Я отметил эту книгу, как нечто значительное. При этом я совсем не хочу сказать, что ее значение как-то связано с тем влиянием, которое она могла оказать. Я не считаю, что этой книгой Пейтер мог повлиять хоть на один серьезный ум в более позднем поколении. Его взгляды на искусство, изложенные в "Ренессансе", запечатлелись в сознании довольно многих писателей 90-х годов и оказались побудительной причиной к смешению искусства и жизни, что оказалось не столь безобидным для отдельных неупорядоченных судеб. Теория (если ее можно назвать теорией) "искусства для искусства" до сих пор сохраняет свою привлекательность в той степени, в какой ее можно считать побуждением художника оставаться верным своему ремеслу; она никогда не была и не может быть привлекательной для зрителя, читателя или слушателя. Насколько "Марий эпикуреец" мог способствовать нескольким религиозным "обращениям" в последующем десятилетии, я не знаю; уверен лишь, что с направлением дальнейшего религиозного развития он не имеет ничего общего. Что же до направления религиозного — или любого другого, столь же важного — развития, то "Марий" гораздо более обязан контакту самого Пейтера (не более близкому, чем самого Мария) с тем, что происходило и произошло бы без его участия.

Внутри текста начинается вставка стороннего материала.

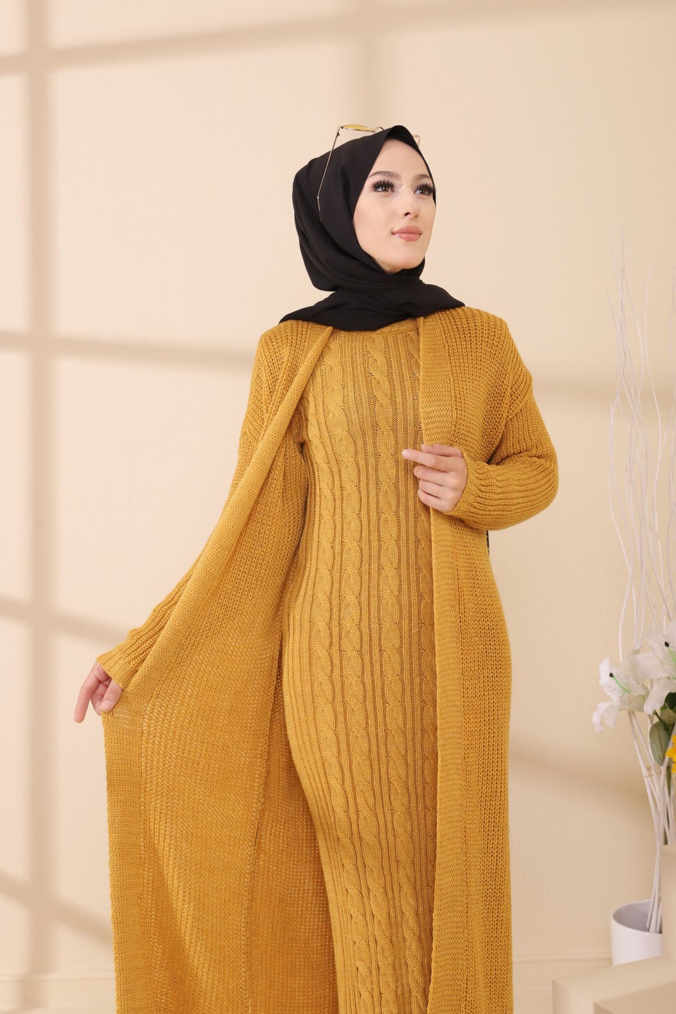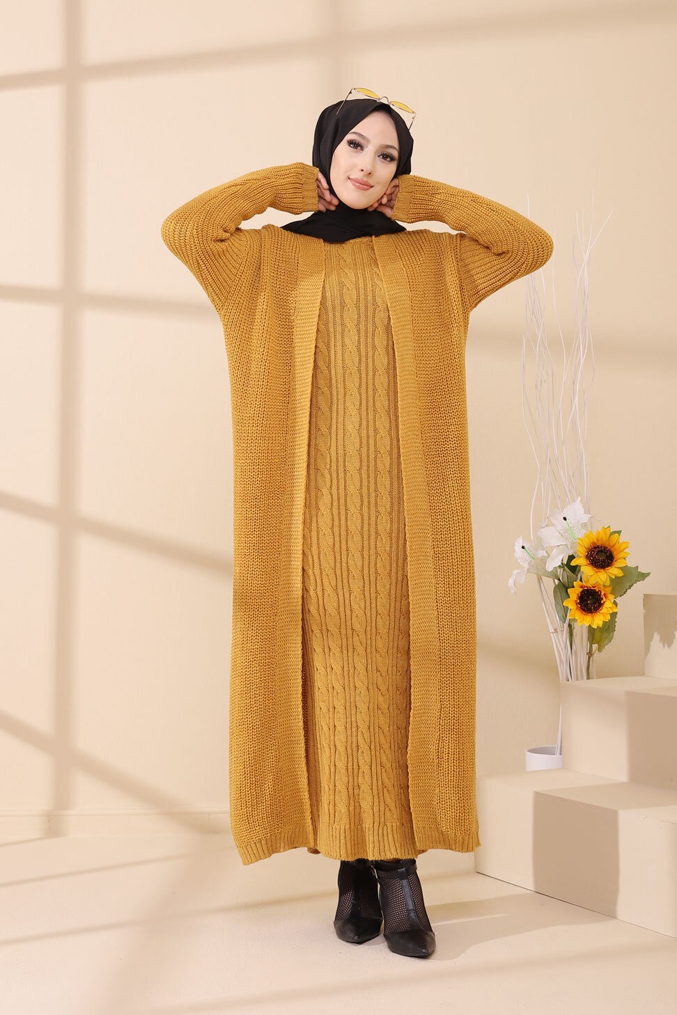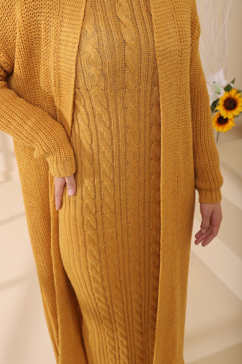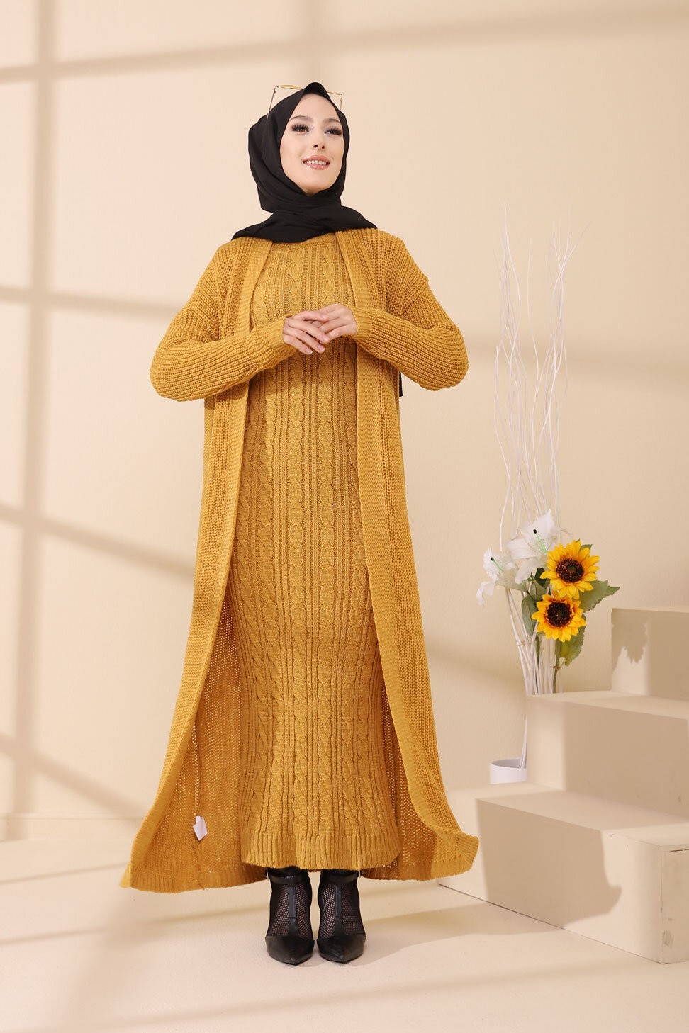 Ensemble deux pièces : Robe et cardigan pour femme - Couleur moutarde Vetement & Accessoire
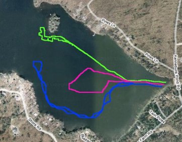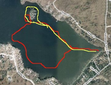 If you want something more ambitious then head up the left (south) side well past the 3 boats (Red on map) until you are across from the island and cross to the island. Explore in the rocks or circle the island before working your way back down the south side to the beach. My wife and I have a goal to circumnavigate the pond on a skin-dive someday.
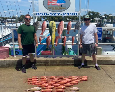 Captain Jason and deckhand Colby have built something special here. Repeat customers spanning six years speak to their consistency, and the reviews reveal why: Jason knows exactly where to find fish, while Colby earns constant praise for his tireless work ethic and teaching abilities. Multiple families mention catching their limit in red snapper, plus grouper, wahoo, and even the occasional bull shark for extra excitement. The boat stays clean and well-maintained, and both crew members clearly love what they do. What really stands out is how attentive this team is to each guest. First-timers feel completely at ease, kids get patient instruction and have memorable experiences, and everyone seems to appreciate Colby's ability to handle multiple lines at once while keeping spirits high. Jason's communication before trips helps set proper expectations, and his knowledge of the local waters means less time wasted on out-of-season catches. Whether it's your first deep sea adventure or you're a seasoned angler, this crew delivers the kind of fishing trip that becomes a vacation highlight.
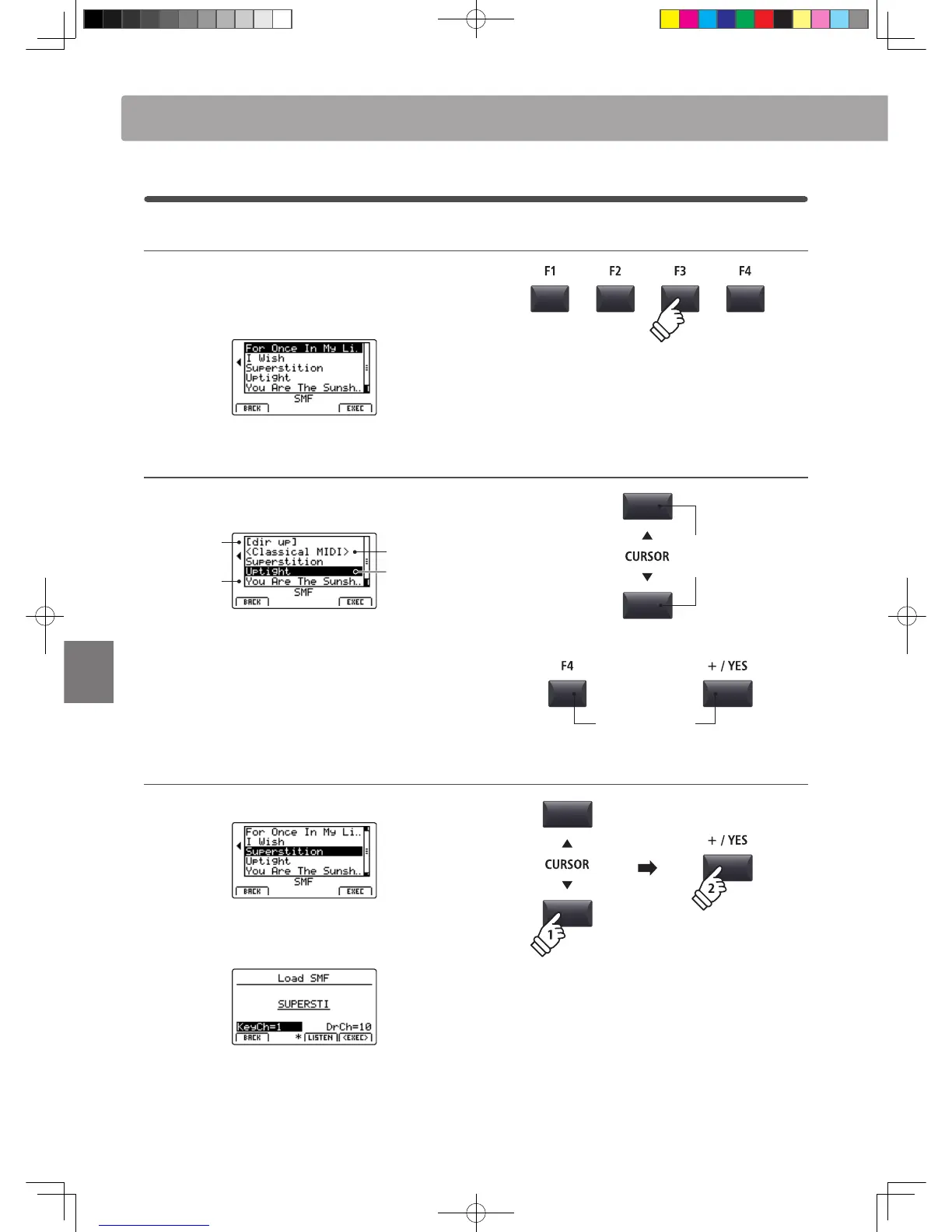 buttons to select the desired MIDI le.

Истинное значение книги Пейтера заключается, как я думаю, в том, что это документ, свидетельствующий об одном эпизоде из истории мысли и художественного сознания XIX в. Разложение философской мысли в эту эпоху, изоляция друг от друга искусства, философии, религии, этики и литературы прерывается разнообразными попытками произвести их несовершенный химический синтез. Религия становилась моралью, религия становилась искусством, религия становилась наукой или философией; все время проводились неудачные попытки создавать альянсы между различными ответвлениями мысли. Каждый полупророк считал, что обладает полной правдой. Альянсы оказались столь же пагубны, сколь и разделы. Настоящей практике "искусства для искусства" посвятили себя Флобер и Генри Джеймс; Пейтера нельзя найти среди этих людей, его место скорее рядом с Карлейлем, Рёскиным и Арнольдом, хоть и слегка их ниже. "Марий" знаменателен прежде всего как напоминание, что одной религии Карлейля, или Рёскина, или Арнольда, или Теннисона, или Браунинга явно не достаточно. Он демонстрирует, а сам Пейтер демонстрирует еще определенней, чем Кольридж, о котором сам писал когда-то, "ту неистощимую неудовлетворенность, томление и ностальгию… отзвуки которой звучат во всей нашей современной литературе".